David Dundas is a Lichfield City Councillor, Managing Director of Lion Industries and an active member of CPF. He has a science degree from St Andrews and an early career as a field service engineer in the oil industry that finally took him to Brussels, where he worked for Texaco Europe. He stayed on in Belgium for 22 years, working for several American companies including Dow Corning in their Energy department, and for a time, was a consultant to the European Commission on toxic waste disposal.
The house building industry is undoubtedly in crisis; workers are being laid off, which is dragging the economy into recession. The government has run out of good ideas and is fiddling about with bad ones like the eco-towns and now the suspension of stamp duty. So how can we restore confidence in the housing market and bring it back on track? Just pouring money into the banks is an expensive way and on its own is unlikely to produce a significant improvement, because it is not sufficient on its own to address the problem of confidence.
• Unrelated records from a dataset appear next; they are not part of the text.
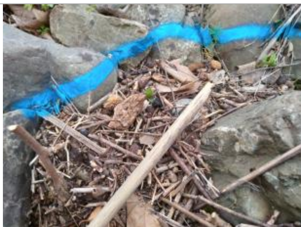
Dépôt sur les gabions

Altitude calculée de l'eau (en m) : 88.531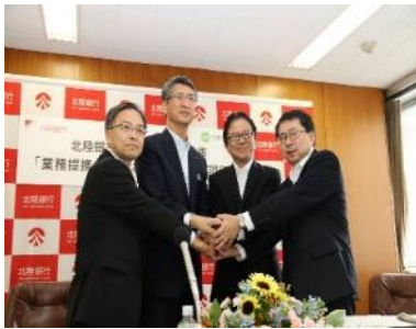
調印時の様子(平成26年8月)

平成26年8月、創業支援、ベンチャー企業支援、農商工連携、経営革新等、中小企業者、農林水産業者の振興に資することを目的に日本政策金融公庫富山支店、金沢支店、福井支店と連携協定を締結しました。互いの強みを活かして連携を図り、協調融資等をはじめとした、地域経済の活性化に資する取組みを進めてまいります。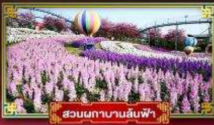
สวนดอกบานล้นฟ้า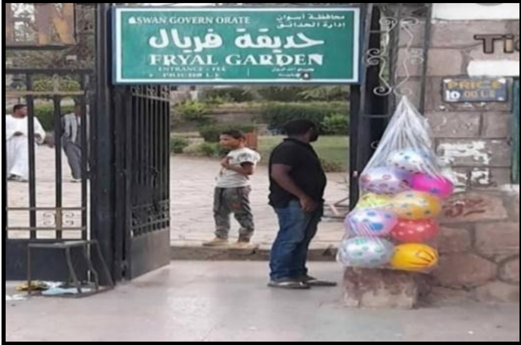
صورة رقم [٤] توضح مدخل حديقة الاميرة فريال ابنت الملك فاروق وتقع بجوار قرية جبل تفوق.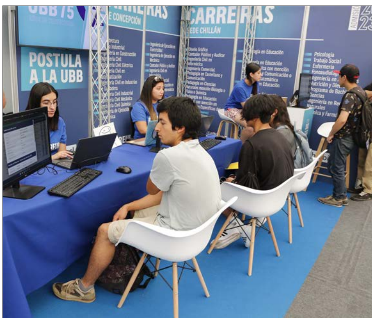
19ª FERIA DE POSTULACIÓN y Matrícula de Educación Superior, se desarrolla hasta hoy en Suractivo.

Proceso de postulación finaliza este viernes. Mientras que, el primer proceso de matrículas se desarrollará del 18 al 20 de este mes, el segundo, del 21 al 27 de enero y el último, el 28.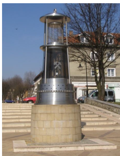
Ryc. 4. Punkt 4: Lampa górnicza przy osiedlu A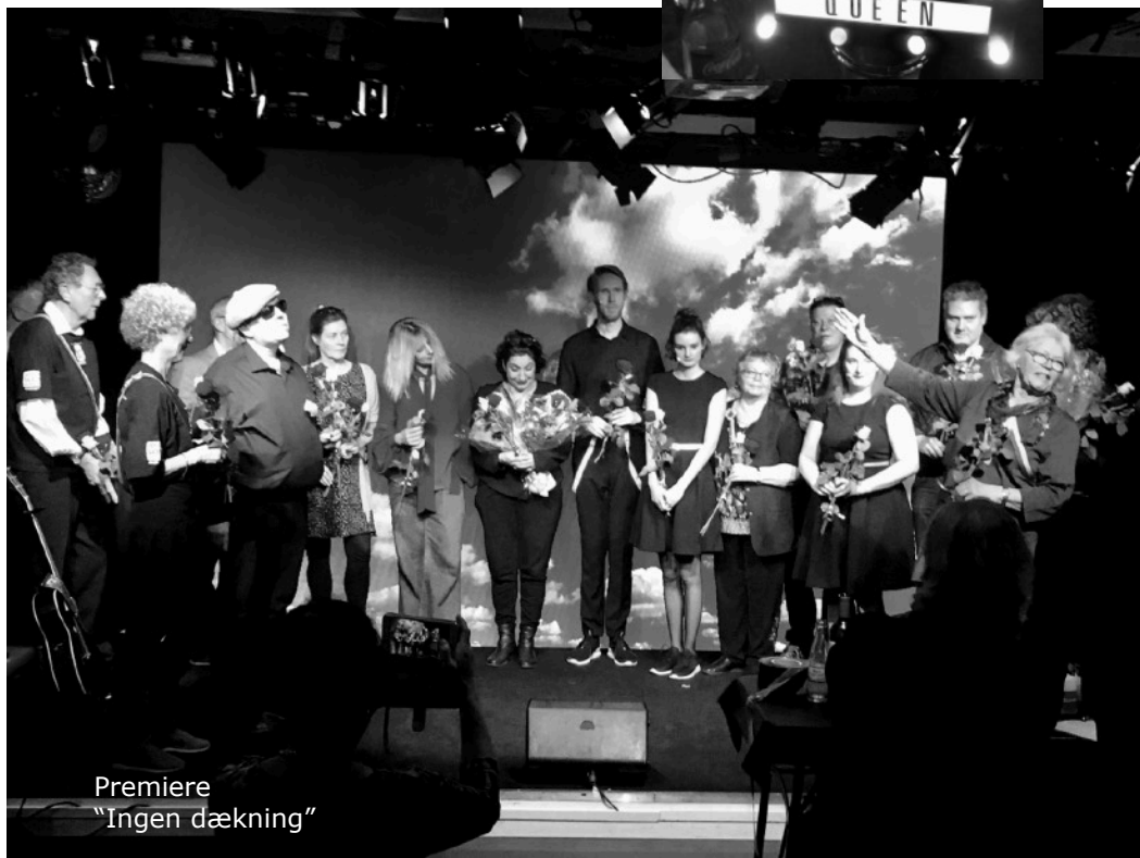
Premiere "Ingen dækning"

Most housing developers have either stopped, or are stopping building new homes. As building workers are often sub-contractors, it has been easy for developers to terminate their work. Whilst many tradesmen have found other work in the short term, in activities such as refurbishment and house extensions, there is a limit to the amount of this kind of work available, so construction workers are going to find themselves progressively out of work, placing a further strain on the economy, as unemployment rises.
Whilst the media gets excited about house owners with negative equity, this misses the point because they are only small proportion of all mortgagees, so this is not the major threat to the nation. Banks will not repossess, if borrowers continue to repay their mortgage; the far greater threat comes from those who lose their jobs and therefore cannot pay the mortgage. It will be the construction workers who will first dominate this group.